Belarus Blames Islamist Fighters For Friday Missile Attack

Somalia Says Downing That Killed 11 May Have Been Accident

According to Belarus officials, Islamist fighters were responsible for the missile attack of a large Ilyushin plane in Somalia assisting African Union peacekeepers that killed 11 people onboard Friday.

The Somali government, however, said the incident looked more like an accident than an attack by insurgents, reported Reuters.

"The plane was shot down," Transport Ministry spokeswoman Kseniya Perestoronina said in Minsk, and was hit at an altitude of 500 feet. As Aero-News reported, the plane had just taken off from Somalia's main airport in the capital of Mogadishu.

A Somali radio station and an Islamist website agreed with Belarus, claiming a missile hit the Russian-made Ilyushin just after takeoff from Mogadishu.

The aircraft crashed in flames after one of its wings fell into the Indian Ocean, eyewitnesses said. Captain Paddy Ankunda, spokesman for the Ugandan peacekeepers in Somalia, confirmed a crash.

If confirmed, it would be the most spectacular strike yet by rebels fighting the Somali government, their Ethiopian military allies, and the African Union (AU) force since the start of 2007.

However, Somali Interior Minister Mohamed Mahamud Guled said it was more likely that an accident downed the plane. Guled asserted the incident had the hallmarks of a technical fault.

"We are waiting for technical experts," he added, without specifically ruling out an attack on the plane prior to ascent.

"The plane took off at around 5:00, and as soon as it reached 10,000 feet altitude, the pilot reported an engine problem in engine number two and said he would turn back to the airport," Guled said, contrary to what Belarus officials reported.

An airport worker, speaking on condition of anonymity because he was not authorized to speak to the media, claimed to have seen the attack on the Russian-built plane. Another witness said he saw one of the plane's wings fall into the Indian Ocean.

"Nobody knows what exactly has caused the crash. There are conflicting stories coming from eyewitnesses and we are investigating," Mohamud told The Associated Press on Saturday.
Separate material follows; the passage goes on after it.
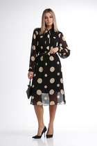 Платье женское, по линии талии отрезной фигурный пояс, нижняя часть платья со сборкой и в нижнюю часть платья вставлена хлопковая подкладка. По верхней части переда небольшая сборка из линии пояса. Спинка с узкой горизонтальной кокеткой. В верхней части спинки из линии кокетки и линии пояса спроектирована небольшая сборка. Вырез горловины "V- образной" формы. Рукав одношовный, короткий, втачной, со сборкой по окату. В боковых швах расположены функциональные карманы. Застежка на петли и пуговицы до низа изделия.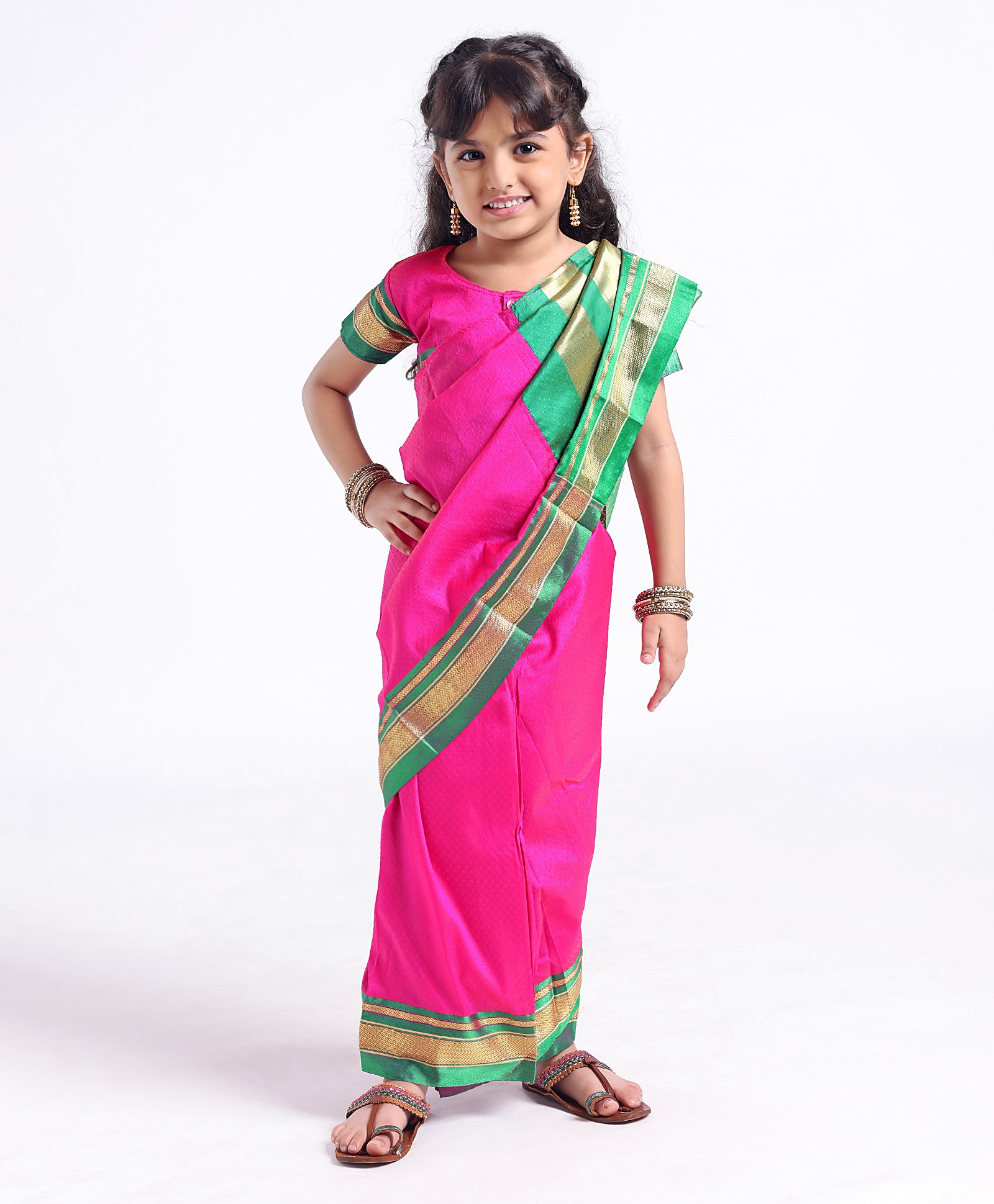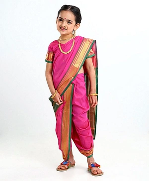Buy Bhartiya Paridhan Half Sleeves Blouse And Nauvari Saree With Jari Border Pink For Girls 6 12 Months Online In India Shop At Firstcry Com 10239313

Mogadishu International Airport Manager Mohmed Ahmed Siyaad said that before the plane crashed the captain contacted the control tower and said one of the engines had caught fire.

Only one of the 11 seven crew members and four engineers initially survived the crash and was found wandering among corpses and wreckage. He later died in a hospital.

At the crash site, a farmers' hamlet just north of Mogadishu, wreckage was strewn across an area the size of four football fields.

"I was so scared," said Mahmud Farah, a local born in the area. "The smoke and the fire coming from the sky was overwhelming. Everyone though it was going to explode again after it crashed and so they fled the area. I am 50 years old and this is the first time I've ever been near a plane."

The downed plane had brought a team to fix another Ilyushin lying damaged at Mogadishu airport after flying in peacekeepers. That plane caught fire on the runway in an incident the AU said was a technical fault, but Islamists said was a missile attack, according to Reuters.

Fighters believed to be Islamists and disgruntled clan militia have been striking daily against government forces, Ethiopian troops, and a contingent of 1,200 Ugandan soldiers in the vanguard of the African Union force.